Alors que le catastrophisme climatique gagne du terrain dans les médias, les climato-entrepreneurs commencent à développer un nouveau business très lucratif : contrôler le climat pour faire baisser la température mondiale ! Refroidir la planète ? Pas de problème ! Les ingénieurs climatiques, Zhen Dai, Frank Keutsch et David Keith ont leur tribune dans un récent article […]

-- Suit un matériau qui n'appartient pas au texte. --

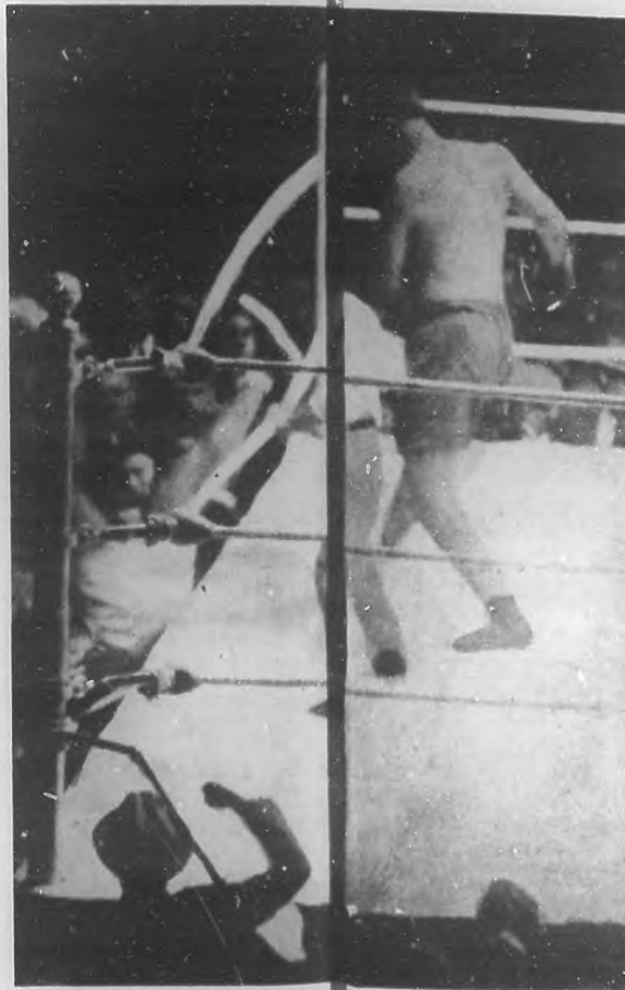
Luis Angel Firpo produciendo una trompada en la historia del pugilismo. Con un terrible derecho Dempsey y lo lanzó sobre los bancos de los periodistas, patas arriba. Los periodistas lo ayudaron a volver al ring, pero Firpo no aprovechó la oportunidad para desalojarlo, a derecho que intentara levantar las manos del tablado "treping".

El caso ya está terminado, no queda apelación alguna. Solamente dos aspectos o hechos de esa lucha titánica han de quedar incrustados en los que la presenciaron alrededor del ring en Polo Grounds, y en los que, a mayor distancia, nos hemos enterado por las abundantes y espléndidas informaciones transmitidas desde el mismo sitio de la pelea por el hilo directo de la Prensa Asociada; y es uno, los procedimientos incorrectos, no permitidos en ningún tiempo, empleados por el campeón en defensa de su título, y permitido por el referee, los jueces, los representantes del argentino, y el mismo público que hoy, históricamente, claman contra ellos. Es el otro, el golpe de la derecha de Luis Angel Firpo, la más formidable de las trompadas que registra la historia del pugilismo, la que puso las plantas de los pies del campeón mirando al cielo, mientras su cabeza se clavaba en el piso, de donde lo extrajeron afanosamente mis caros colegas del otro lado del Atlántico.

Alors que le catastrophisme climatique gagne du terrain dans les médias, les climato-entrepreneurs commencent à développer un nouveau business très lucratif : contrôler le climat pour faire baisser la température mondiale !

Refroidir la planète ? Pas de problème !
Les ingénieurs climatiques, Zhen Dai, Frank Keutsch et David Keith ont leur tribune dans un récent article de Nature (1) pour promouvoir le projet « Stratospheric Controlled Perturbation Experiment » (SCoPEx). La première phase, un essai à 3 millions $, prévoit deux vols d’un ballon dirigeable à 20 kilomètres au-dessus du sud-ouest des États-Unis. Leur but : expérimenter dès 2019 la dispersion du carbonate de calcium dans la stratosphère pour refroidir la planète ! C’est aussi l’une des solutions évoquées il y a quelques jours lors du 20h de TF1 pour lutter contre le réchauffement climatique (2). Une communication publique semble s’être mise en route presque deux mois après le colloque très, très discret, du CNRS et de l’université de Rennes, clairement nommé Ingilaw (contraction de « ingineering » et de « law ») que nous avons couvert (3). Nous avons d’ailleurs publié un article sur ce colloque dans Nexus n°119 (disponible en kiosque et en ligne) intitulé « Le contrôle du climat, inéluctable ? ». Il était alors question des implications juridiques de la géoingénierie mondiale.

Le business lucratif des climato-entrepreneurs
De l’article même de Nature, on apprend que la géoingénierie intéresse de plus en plus les décideurs politiques, les scientifiques, et les écologistes. C’est ce que nous constatons à Nexus depuis des années. Mais quid des conséquences sanitaires et environnementales irréversibles totalement absentes des débats ? La géoingénierie gagne du chemin dans les amphithéâtres universitaires, dans les médias et dans les laboratoires privés. Cette nouvelle science d’apprentis-sorciers agite les climato-entrepreneurs, ces businessmen du climat, qui détiennent aujourd’hui les brevets. Sous couvert de catastrophisme environnemental, la modification volontaire du climat risque un jour de se voir imposée en urgence aux peuples. Un manifeste de plus de 110 organisations internationales, dont Attac, a récemment été publié pour appeler à interdire toutes les expérimentations et les technologies de géoingénierie (4).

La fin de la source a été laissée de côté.